この春から、私立神鳴高校に通う15歳の青少年だ。
自分で言うのもなんだが、成績は良い方だし運動も出来る方だ。見た目は名前負けをしているが、それなりに整っている方だと自負している。
そんな俺の中学校生活最大の悩みは、彼女が出来ないことだった。
思春期の少年の大半が抱える悩みに悩まされている俺は、やはり普通の少年なんだと思う。
そのうち出てくるとは思うが、幼なじみの女に恥を忍んで悩み相談をしたこともある。その時の答えはこうだ。
『ん~、普通の娘にはくーちゃんと一緒にいるの疲れちゃうからじゃない?』
意味が分からん。何をどうすれば解決できるか皆目検討もつかない答えに、もう一度恥を忍んで解決策を聞いてみたんだ。するとその答えが、
『普通にしてればきっとモテると思うよ?話は聞く専門、ってなるだけで言い寄られそうだもん。…まあ私は?普段通りの天ちゃんでいるのが良いと思うけどな』
なんだそうだ。
それはつまり、俺の発言は一般的でなく、自分の意志はあまり発露しない方が俺の周りは華やぐ、ということになる。…ようだ。
俺は自己分析を怠ったことはないし自分を客観視出来ていると思っていたが、客観視、という部分において幼なじみとの齟齬があることは否めないので前向きに受け止めようと思ったが、俺の意志表示を押し殺すということは、ひいては俺自身を殺す、俺が俺でいなくなるということに他ならないと悟ったので、その意見は却下とした。

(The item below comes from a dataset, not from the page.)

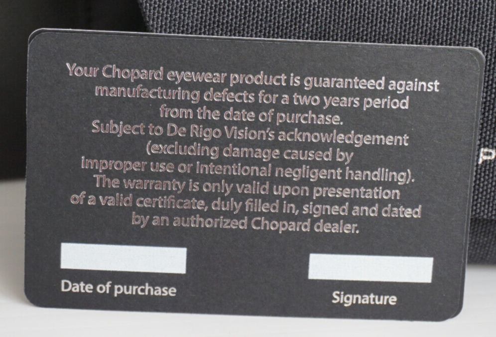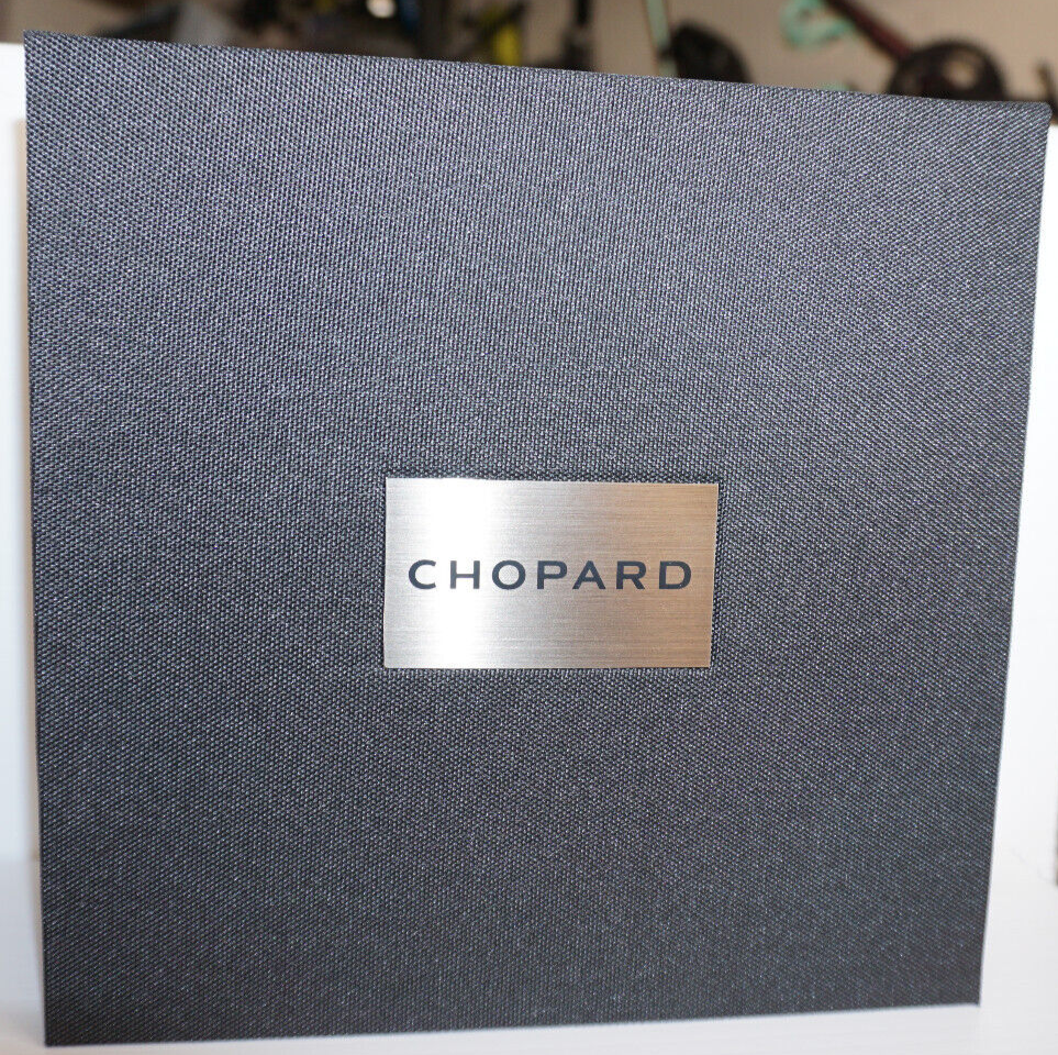 The original Chopard box, hard cover case, authenticity cards, and the Chopard microfiber cleaning cloth.

しかし、高校生活をスタートさせるにあたって、少し自分の見られ方、イメージというやつを変えてみるのはいい手だと思った。うちの中学から神鳴高校に行くのは俺と幼なじみだけだからだ。環境の変化と共に、一般的な会話、周りに打ち解ける俺、そして念願の彼女を手に入れ、誰もが羨む高校生活を送る。
その為にも、入学までのこの一ヶ月間、死にものぐるいで努力し、自己鍛錬、自己改善に励もう。入学式の俺に乞うご期待だ。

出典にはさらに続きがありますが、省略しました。